_What you should do_. Please transcribe every record below exactly as it appears.

Records provided START

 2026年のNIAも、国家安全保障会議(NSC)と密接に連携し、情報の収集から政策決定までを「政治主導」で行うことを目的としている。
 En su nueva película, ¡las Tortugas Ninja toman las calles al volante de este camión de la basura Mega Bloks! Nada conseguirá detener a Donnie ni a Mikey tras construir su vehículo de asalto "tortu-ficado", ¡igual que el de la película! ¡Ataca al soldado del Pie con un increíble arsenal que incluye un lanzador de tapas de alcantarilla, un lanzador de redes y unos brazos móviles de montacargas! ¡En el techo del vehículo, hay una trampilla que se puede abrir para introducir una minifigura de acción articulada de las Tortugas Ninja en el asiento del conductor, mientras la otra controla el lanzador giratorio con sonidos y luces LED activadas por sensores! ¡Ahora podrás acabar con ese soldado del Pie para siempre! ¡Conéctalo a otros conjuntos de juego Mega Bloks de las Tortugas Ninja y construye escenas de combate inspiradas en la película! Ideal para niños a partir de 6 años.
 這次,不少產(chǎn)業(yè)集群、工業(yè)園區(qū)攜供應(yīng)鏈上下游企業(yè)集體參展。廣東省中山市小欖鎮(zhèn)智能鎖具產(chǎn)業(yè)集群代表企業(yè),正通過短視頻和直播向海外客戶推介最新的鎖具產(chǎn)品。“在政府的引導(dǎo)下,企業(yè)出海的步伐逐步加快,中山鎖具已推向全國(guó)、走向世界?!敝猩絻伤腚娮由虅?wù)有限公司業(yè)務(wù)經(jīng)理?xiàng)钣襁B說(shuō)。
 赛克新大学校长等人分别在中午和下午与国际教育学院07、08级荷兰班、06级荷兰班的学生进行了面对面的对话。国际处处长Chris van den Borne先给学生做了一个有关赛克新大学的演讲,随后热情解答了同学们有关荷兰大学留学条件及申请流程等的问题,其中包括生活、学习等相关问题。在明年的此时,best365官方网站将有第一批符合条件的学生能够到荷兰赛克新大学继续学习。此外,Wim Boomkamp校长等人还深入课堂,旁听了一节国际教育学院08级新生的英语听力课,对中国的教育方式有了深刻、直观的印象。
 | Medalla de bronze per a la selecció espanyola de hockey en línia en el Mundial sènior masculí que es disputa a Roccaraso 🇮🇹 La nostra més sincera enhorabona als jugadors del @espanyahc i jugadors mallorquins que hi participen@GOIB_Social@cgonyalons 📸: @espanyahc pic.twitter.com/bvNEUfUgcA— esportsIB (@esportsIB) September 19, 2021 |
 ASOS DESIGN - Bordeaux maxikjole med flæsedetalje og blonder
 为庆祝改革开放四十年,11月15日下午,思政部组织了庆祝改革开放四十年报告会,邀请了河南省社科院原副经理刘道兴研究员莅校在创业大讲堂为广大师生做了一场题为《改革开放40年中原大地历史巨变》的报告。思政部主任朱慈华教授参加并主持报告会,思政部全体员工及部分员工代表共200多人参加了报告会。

Records provided END

_Answer section_.
 2026年のNIAも、国家安全保障会議(NSC)と密接に連携し、情報の収集から政策決定までを「政治主導」で行うことを目的としている。
 En su nueva película, ¡las Tortugas Ninja toman las calles al volante de este camión de la basura Mega Bloks! Nada conseguirá detener a Donnie ni a Mikey tras construir su vehículo de asalto "tortu-ficado", ¡igual que el de la película! ¡Ataca al soldado del Pie con un increíble arsenal que incluye un lanzador de tapas de alcantarilla, un lanzador de redes y unos brazos móviles de montacargas! ¡En el techo del vehículo, hay una trampilla que se puede abrir para introducir una minifigura de acción articulada de las Tortugas Ninja en el asiento del conductor, mientras la otra controla el lanzador giratorio con sonidos y luces LED activadas por sensores! ¡Ahora podrás acabar con ese soldado del Pie para siempre! ¡Conéctalo a otros conjuntos de juego Mega Bloks de las Tortugas Ninja y construye escenas de combate inspiradas en la película! Ideal para niños a partir de 6 años.
 這次,不少產(chǎn)業(yè)集群、工業(yè)園區(qū)攜供應(yīng)鏈上下游企業(yè)集體參展。廣東省中山市小欖鎮(zhèn)智能鎖具產(chǎn)業(yè)集群代表企業(yè),正通過短視頻和直播向海外客戶推介最新的鎖具產(chǎn)品。“在政府的引導(dǎo)下,企業(yè)出海的步伐逐步加快,中山鎖具已推向全國(guó)、走向世界?!敝猩絻伤腚娮由虅?wù)有限公司業(yè)務(wù)經(jīng)理?xiàng)钣襁B說(shuō)。
 赛克新大学校长等人分别在中午和下午与国际教育学院07、08级荷兰班、06级荷兰班的学生进行了面对面的对话。国际处处长Chris van den Borne先给学生做了一个有关赛克新大学的演讲,随后热情解答了同学们有关荷兰大学留学条件及申请流程等的问题,其中包括生活、学习等相关问题。在明年的此时,best365官方网站将有第一批符合条件的学生能够到荷兰赛克新大学继续学习。此外,Wim Boomkamp校长等人还深入课堂,旁听了一节国际教育学院08级新生的英语听力课,对中国的教育方式有了深刻、直观的印象。
 | Medalla de bronze per a la selecció espanyola de hockey en línia en el Mundial sènior masculí que es disputa a Roccaraso 🇮🇹 La nostra més sincera enhorabona als jugadors del @espanyahc i jugadors mallorquins que hi participen@GOIB_Social@cgonyalons 📸: @espanyahc pic.twitter.com/bvNEUfUgcA— esportsIB (@esportsIB) September 19, 2021 |
 ASOS DESIGN - Bordeaux maxikjole med flæsedetalje og blonder
 为庆祝改革开放四十年,11月15日下午,思政部组织了庆祝改革开放四十年报告会,邀请了河南省社科院原副经理刘道兴研究员莅校在创业大讲堂为广大师生做了一场题为《改革开放40年中原大地历史巨变》的报告。思政部主任朱慈华教授参加并主持报告会,思政部全体员工及部分员工代表共200多人参加了报告会。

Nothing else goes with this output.